Hal ini dikatakan Menteri Pertanian Syahrul Yasin Limpo (SYL). Dia menerangkan, pihaknya akan memberikan bantuan kepada petani yang sawahnya terendam.
"Dibalik semua bencana pasti ada hikmah yang besar, saya mewakili pemerintah hadir untuk memberi support kepada bapak ibu," katanya saat memantau banjir di Desa Ciptamargi, Kecamatan Cilebar, Kabupaten Karawang, Jumat, 3 Maret 2023.
Syharul mengatakan, banjir ini akibat dari hujan yang terjadi selama enam hari berturut-turut sehingga menyebabkan sawah terendam. Untuk mengurangi genangan air banjir di sawah pihaknya akan menurunkan pompa-pompa besar bagi lahan pertanian yang masih bisa diselamatkan.
“Satu minggu ke depan akan kita pantau, setelah mulai surut secepatnya kita lakukan tanam ulang,” ucapnya melansir dari Antara.
Untuk lahan yang terdampak parah, lanjutnya, akan mendapat penggantian benih padi secara gratis dan mesin pompa air.
“Ini bukan sesuatu yang mudah, tetapi jika semua bergerak pasti semua dapat dilalui,” tuturnya.

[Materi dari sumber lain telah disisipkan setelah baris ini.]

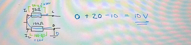 Jag håller på med denna uppgift som du kan se nedan. Nedan kan du även se lösningsförslaget från facit. När jag löste uppgiften gjorde jag precis som facit gjorde förutom att jag i sista steget gjorde 0V + 20V + 10V istället för - 10V. Jag undrar varför man ska ta minus - 10V istället för + 10V? Har det någonting med strömmens riktning att göra?
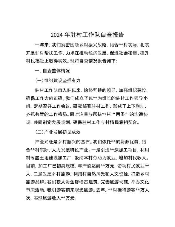 2024年驻村工作队自查报告 2024-10-23 Word模板 73 购买前,请一定要先点击这里看看,欢迎持续关注,精彩模板每天推送 预览结束,本文件为word文档,一共7页,共2530字,请购买后,下载后查看 购买前,请一定要先点击这里看看,欢迎持续关注,精彩模板每天推送 资源下载下载价格29 RMBVIP免费升级VIP点击检测网盘有效后购买有任何充值和下载问题请加微信:xuexixuexi66 0 总结汇报
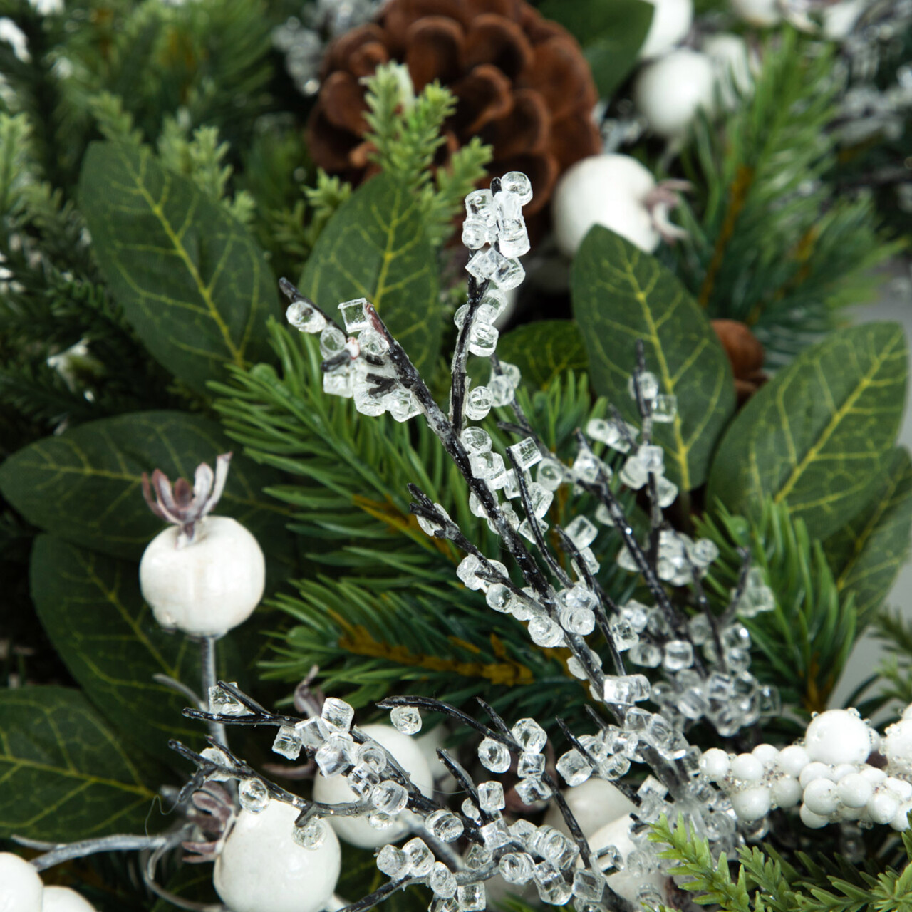 Coronita decorativa este realizata din materiale sintetice de inalta calitate care reproduc fidel aspectul crengutelor si ornamentelor naturale. Detaliile rafinate si manopera solida garanteaza durabilitatea.
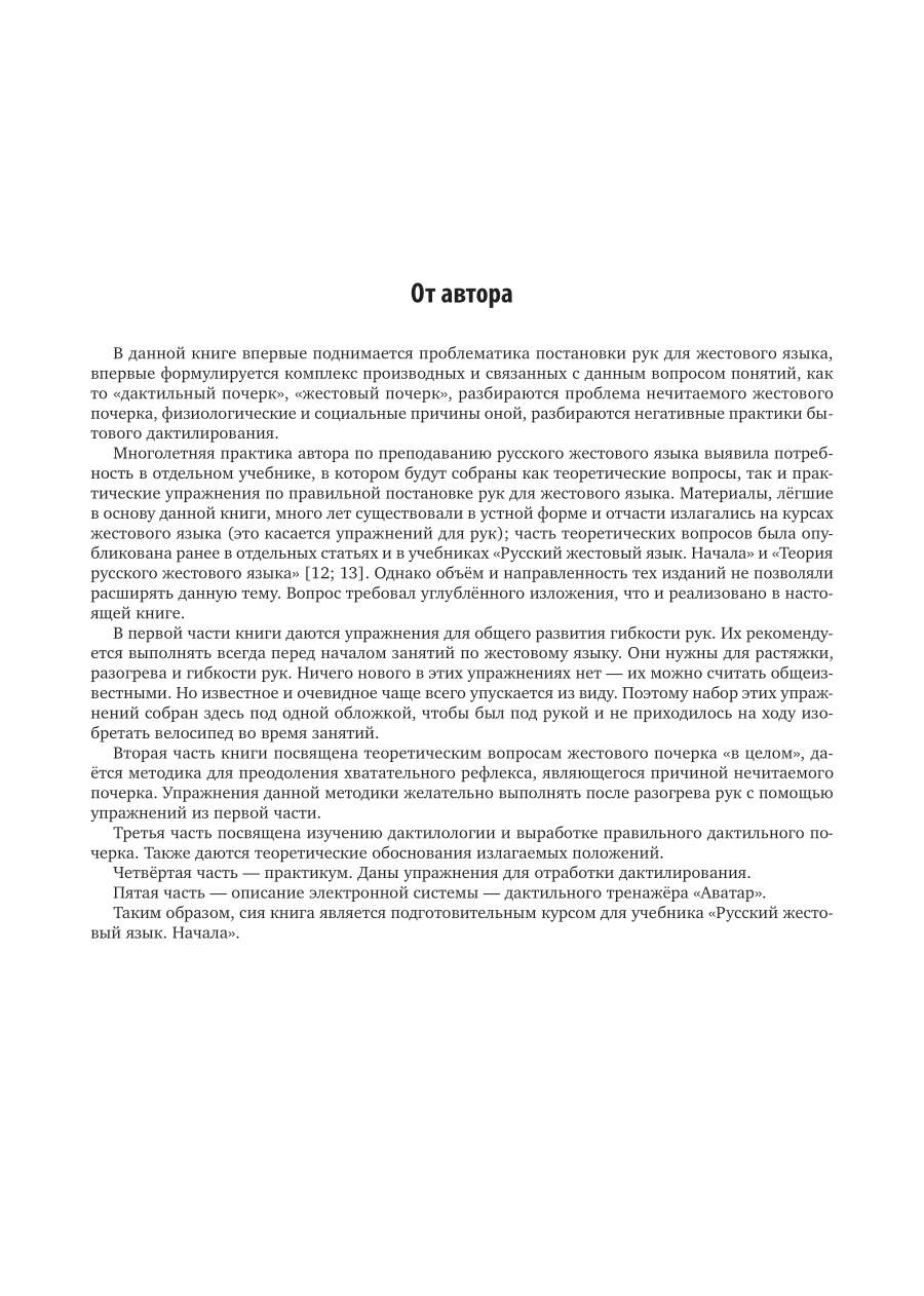 В данной книге впервые поднимается проблематика постановки рук для жестового языка; впервые формулируется комплекс производных и связанных с данным вопросом понятий, как то «дактильный почерк», «жестовый почерк»; разбираются проблема нечитаемого жестового почерка, физиологические и социальные причины оной, негативные практики бытового дактилирования. Излагаются теоретическая база и комплекс упражнений и практикумов для выработки правильного жестового и дактильного почерка. Соответствует актуальным требованиям федерального государственного образовательного стандарта и профессионального стандарта «Переводчик русского жестового языка». Пособие предназначено для использования совместно с учебниками «Русский жестовый язык. Начала» и «Теория русского жестового языка». Для изучения языка в вузах, колледжах, в системе ДПО, повышения квалификации и профессиональной переподготовки.

Hanafi Asisten II Bidang Perekonomian Kabupaten Karawang yang mewakili Bupati Karawang mengucapkan rasa terima kasihnya kepada Mentan SYL atas bantuan dan kepedulian yang diberikan. Hanif yakin dengan dukungan pemerintah pusat yang diwakili oleh Kementan dapat memberikan semangat lebih bagi para petani yang terkena musibah.
Dia menuturkan bahwa saat ini Karawang memang sudah menetapkan status tanggap darurat banjir. Tercatat ada 6.879 hektar atau 51 persen dari pertanaman se-Kabupaten Karawang yang tergenang. Ada empat kecamatan yang terdampak paling parah, salah satunya Kecamatan Cilebat seluas 2.485 hektar.